Michael Sebaaly believes he is qualified to run North Idaho College.
The college wrestling coach was selected Monday by the Board of Trustees to lead NIC as the college conducts a national search for a full-time replacement for Rick MacLennan, who was fired by the board in September.
With the position, Sebaaly will make a $180,000 salary prorated over the term of his presidency. He currently makes $53,931, according to the college, including $900 a credit, per semester, for teaching classes as a physical education faculty member.
Sebaaly will take over for Acting President Lita Burns no later than Nov. 10, with the college planning to choose an interim wrestling coach to run the team.
“A great leader knows to rely on their team,” he said Wednesday, “and I have great faith in the senior leadership team and their support and what we can do to keep NIC relevant and provide opportunities and serve our communities.”
The qualifications of the interim president position, which the board elected to fill internally, have been subject to controversy in recent weeks.
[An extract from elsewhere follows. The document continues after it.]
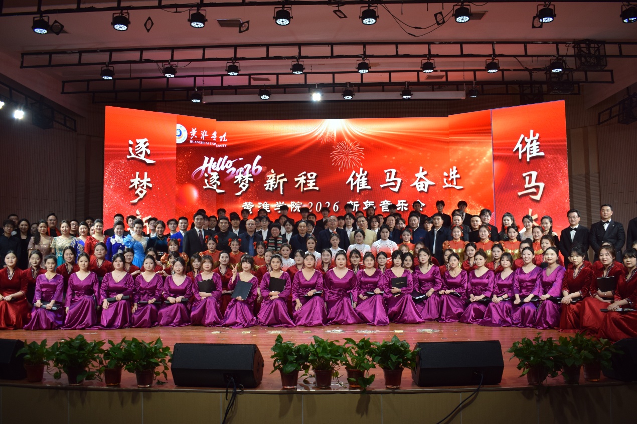 12月25日,黄淮学院音乐学院演播厅内华灯璀璨、乐韵悠扬。由学校党委宣传部、音乐学院联合承办,市音乐家协会协办的的2026年“逐梦新程,催马奋进”新年音乐会在此举行。校领导李晓彦、曹忠义、姜彦玲、张艺迪、刘文富等与师生代表欢聚一堂,在激昂旋律中回顾奋斗历程,展望崭新征程。时值“十四五”规划收官之年,学校围绕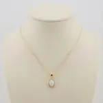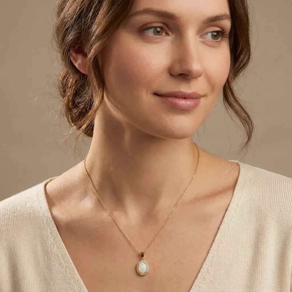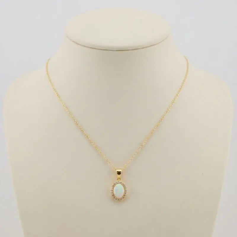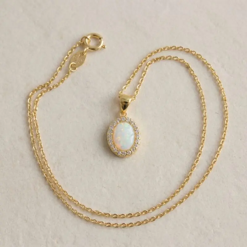 Ogrlica "Aurora", izdelana iz 18-karatnega pozlačenega srebra, izžareva osrednji opalescentni dragulj, ki ga obkrožajo bleščeči poudarki. Zaradi nežne verižice in elegantne oblike obeska je vsestranski dodatek k vsaki obleki, saj vaš videz poudari s prefinjenim sijajem.

Board Chair Todd Banducci, Vice Chair Greg McKenzie and Trustee Michael Barnes have been accused by fellow Board of Trustee members Ken Howard and Christie Wood of watering down the job requirements to hire their preferred candidate. The board required applicants to have a master’s degree from a regionally accredited institution, with levels of administrative experience relegated to preferences.
For his part, Sebaaly described his coaching position as something of “a small CEO.”
It’s a role, he said, that has given him experience with functions such as recruitment, retention, financial aid, fundraising, academic advising and support – all while being in the spotlight.
He also cited administrative internships he pursued while earning his doctorate in educational leadership at Southwestern College. The internships, he said, involved working with the college’s senior leadership – including the president.
“With coaching, there is a lot of administrative work that goes on. It is not just throwing out a ball,” Sebaaly said. “To me, it really comes down to knowing and working with the strengths of your team, and again, North Idaho College is in great shape. It’s going to remain relevant, and I look forward to working with the board and our students and our faculty and staff.”
None of the candidates for the position, including Sebaaly, was interviewed.
Sebaaly said Wednesday afternoon he had not yet met with the board, expecting that to take place during the Board of Trustees session later that evening as the board officially finalized his selection.
“Why I applied was I really believe in the work of North Idaho College and I believe what we do matters,” Sebaaly said, adding he believes in “serving the needs of students in our community and creating opportunities and access to education.”
Asked why he believes he was chosen, Sebaaly referenced his cover letter, in which he said he expressed that “leadership is leadership.”
“To me, it’s important that a community college continues to exist to provide access and opportunities for everyone,” he said.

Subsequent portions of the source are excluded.